# hole in steel hydraulic line



## wat (Nov 16, 2013)

I have a Ford 7108 front-end loader for my Ford tractor. Tried hooking it up today and there is a small hole (but a big leak under pressure!) in one of the steel lines that runs along the top of the bucket. Is there a way to patch this without having to replace the line. Assuming not, where can I go online to find parts. Got nowhere on my recent search. Thanks.


----------



## wjjones (May 28, 2010)

A patch would never hold with that kind of pressure but maybe someone could put new ends on it cheaper.


----------



## wat (Nov 16, 2013)

Thanks Wjones. I assumed as much.


----------



## wjjones (May 28, 2010)

wat said:


> Thanks Wjones. I assumed as much.




We use to have a place called Mr. hose here that could crimp new hydraulic line ends on for you. Do you know of anyone like that in your area? You might try a google search for your tractor FEL model#.


----------



## Thomas (Nov 1, 2006)

Just get you by until replacement,we use to cut the steel off at leak the slide piece of heavy hose and screw clamp tight.


----------



## wat (Nov 16, 2013)

*hole in hydraulic line*

Thanks Thomas. I was hoping that something like that might but me some time.


----------



## wjjones (May 28, 2010)

Yep it might hold for a little while. Do you have any measurements from the hose?


----------



## rockwood84 (Jan 8, 2013)

You can weld the hole using a flux core welder put two or three beads side by side where the hole is. Been there done that many times


----------



## tx_tequila (Jan 18, 2014)

you can Braze weld it if your not to close to the crimp end.

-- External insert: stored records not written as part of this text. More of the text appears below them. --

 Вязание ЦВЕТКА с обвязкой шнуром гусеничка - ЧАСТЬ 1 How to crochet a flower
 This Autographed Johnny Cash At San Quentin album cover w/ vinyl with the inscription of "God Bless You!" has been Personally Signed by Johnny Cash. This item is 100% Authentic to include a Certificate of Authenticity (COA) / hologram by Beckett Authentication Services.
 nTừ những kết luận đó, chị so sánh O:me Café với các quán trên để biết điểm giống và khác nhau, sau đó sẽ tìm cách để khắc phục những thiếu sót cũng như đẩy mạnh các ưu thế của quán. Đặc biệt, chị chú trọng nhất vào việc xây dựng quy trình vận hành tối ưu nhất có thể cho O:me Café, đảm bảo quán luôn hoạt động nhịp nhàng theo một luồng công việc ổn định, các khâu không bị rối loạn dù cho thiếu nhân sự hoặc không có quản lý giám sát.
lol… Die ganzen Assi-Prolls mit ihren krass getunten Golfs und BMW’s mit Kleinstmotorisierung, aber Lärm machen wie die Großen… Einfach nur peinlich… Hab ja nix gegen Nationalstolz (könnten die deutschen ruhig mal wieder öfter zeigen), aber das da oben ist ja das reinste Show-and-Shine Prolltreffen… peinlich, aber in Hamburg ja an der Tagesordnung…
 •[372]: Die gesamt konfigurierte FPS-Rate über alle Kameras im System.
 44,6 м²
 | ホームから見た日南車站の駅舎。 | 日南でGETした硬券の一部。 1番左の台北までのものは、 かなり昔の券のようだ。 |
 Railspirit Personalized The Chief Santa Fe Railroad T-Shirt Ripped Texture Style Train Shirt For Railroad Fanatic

but be sure it is off the tractor and empty before trying any kind of weld.


----------



## Halifax (Oct 8, 2009)

Im not too fond of rubber fixes for hydrualics even though there are many out there still working with them. I would cut the small section out and put a compression fitting in. Just my thinking..


----------



## edwardgrey01 (May 17, 2014)

A repairs are not a good idea for any hydraulic systems. Get a new one, find a hydraulic shop that can make you a new steel line or replace it with a high quality hose. Yes you can repair it but not for long you will redo it again.


----------